ЛюБоль 2 (СИ) - Соболева Ульяна ramzena
Я поднял руку и заслонил глаза от слепящего солнца, чуть выше над заповедником кружился коршун.
Тот самый, который убил мою добычу – бурого кролика, и взмыл с ним вверх, а потом разжал когти, и жертва, упав на острые камни, разорвалась на части. Я знал, что птица хочет спуститься и полакомиться убитым кроликом, но именно я ей мешаю это сделать, так как стою у разорванной тушки и внимательно наблюдаю за вором. Мне интересен ход его мыслей, он ведь не собирается отступить, а я не собираюсь отдать ему то, что осталось от его жертвы. Я – Ману, мое имя означает Дьявол, и я сын цыганского барона. Который, возможно, намного богаче этого расфуфыренного попугая Лебединского.
– Ману! Не надо! Не ходи туда! Ты же знаешь, нам нельзя приближаться к их дому! Ману!
Я не оборачивался на окрик брата, я смотрел на коршуна, похожего на черную огромную кляксу на фоне малинового заката. Птица спикировала вниз, а потом снова взмыла вверх. Хитрая тварь. Хочет все же напасть на кролика.
– Ману! Ты все равно не убьешь его! А нас заметит охрана!
Засмеялся, тряхнув густой шевелюрой, откидывая волосы назад. Дани маленький и наивный, он не верит, что я попаду в коршуна с такого расстояния и снесу ему башку. Я прекрасно стреляю. Отец лично позаботился о том, чтобы я был лучшим во всем, что касается охоты, рыбалки, спорта, стрельбы. Да всего абсолютно. Когда ты, априори, низшее существо только потому, что родился цыганом, евреем, армянином, то стараешься доказать всем этим сверхрасам, что ты не просто такой же, а намного лучше их.

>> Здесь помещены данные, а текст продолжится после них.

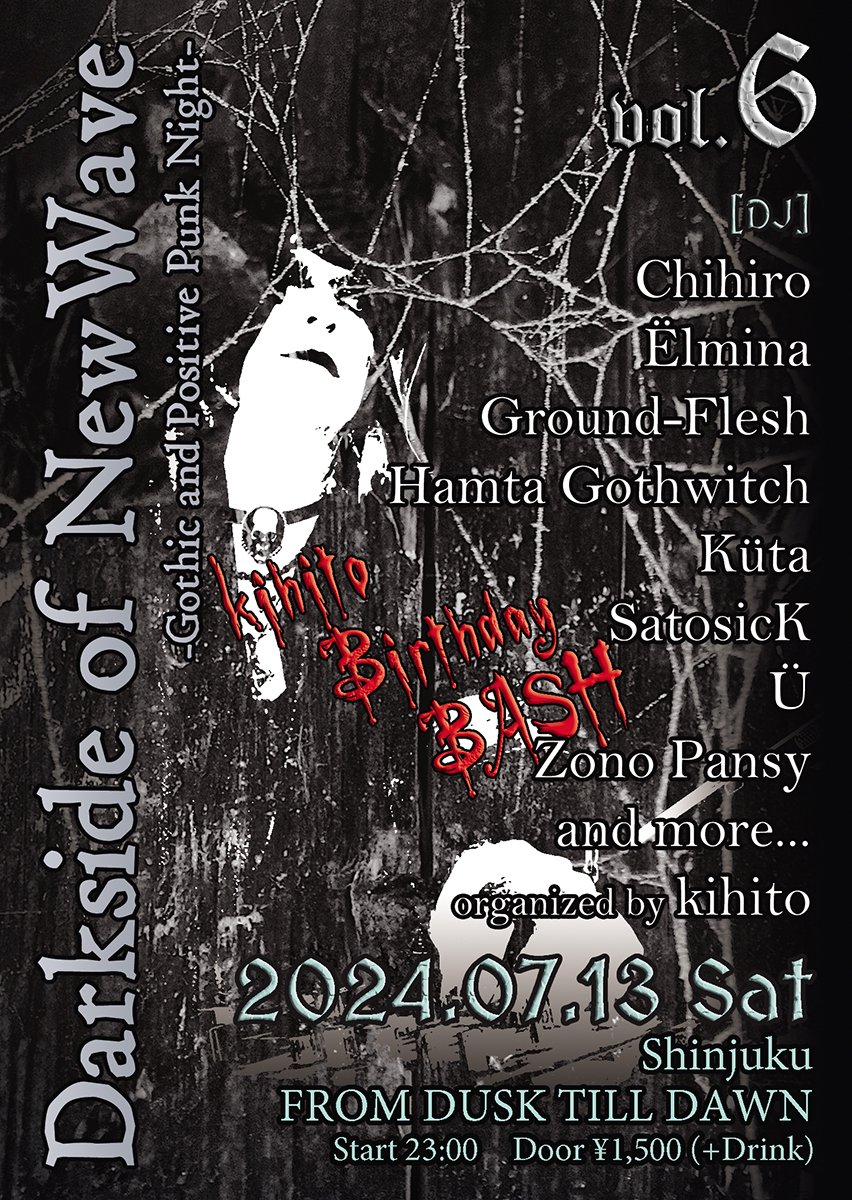 Darkside of NewWave vol.6- kihito Birthday BASH -2024.07.13(sat) at 新宿FROM DUSK TILL DAWNStart 23:00Door ¥1,500(+D)DJ : Chihiro / Ëlmina / Ground-Flesh / Hamta Gothwitch / Küta / SatosicK / Ü / Zono Pansy / kihito and more...
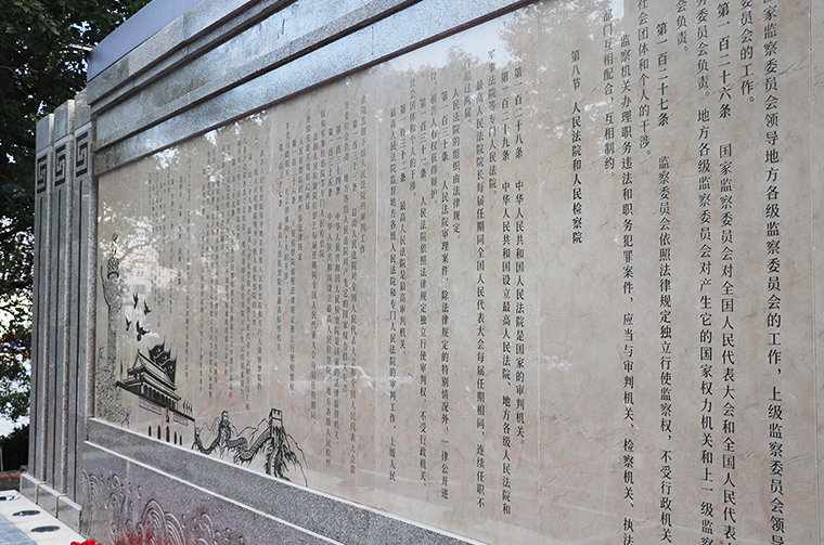 據(jù)了解,市人大機關(guān)憲法墻雕刻內(nèi)容為《中華人民共和國憲法》,從右至左、由上而下刻下了憲法全文,包括序言、四章、143條。整個憲法墻由八塊大理石墻面和20根方柱組成,總長約70米,總面積約700平方米,有效體現(xiàn)了憲法作為國家根本大法的莊重與威嚴,全面展現(xiàn)了憲法作為國家的根本法和治國安邦的總章程,在推動和保障中國特色社會主義建設(shè)中的巨大作用。憲法墻的建立,旨在深入學習貫徹落實習近平法治思想、弘揚憲法精神、助力憲法和法律的實施。與此同時,憲法墻與機關(guān)黨建墻、長沙人大歷史陳列室、基層立法聯(lián)系點一道,成為了市人大法治宣傳陣地的重要組成部分。

Умнее, проворнее, сильнее.
Птица кружила над стеной и не улетала, словно дразнила меня, то снижаясь, то набирая высоту. Я прицелился, каждый мускул превратился в камень, и я на несколько секунд мысленно сам взлетел в небо, словно стал этим коршуном, расправившим крылья и кружащим над своей добычей. МОЕЙ ДОБЫЧЕЙ. Которую он убил, и этим испортил мне охоту. Нажал спусковой крючок, заставив пальцы онеметь от напряжения, я услышал, как засвистела выпущенная пуля, и увидел, как она взмыла ввысь. Отдача рубанула по плечу. Дани вскрикнул, когда сраженный коршун камнем полетел на землю и упал неподалеку от забора. Я бросился к нему, перепрыгивая через острые камни. Подошел к несчастной птице, которая конвульсивно вздрагивала…еще живая. Я не чувствовал жалости, только триумф и презрение. Триумф – потому что смог его подстрелить, а презрение – потому что он позволил себя подстрелить. Черные глаза коршуна, казалось, сверлят меня насквозь ненавистью. Я наклонился, глядя, как коршун подергивает лапами, подыхая.
– Никогда не бери то, что не принадлежит тебе, – сказал я птице и повернулся к брату, он махал мне рукой, – за это приходится дорого платить. Всегда.
– Ману! Они заметят тебя!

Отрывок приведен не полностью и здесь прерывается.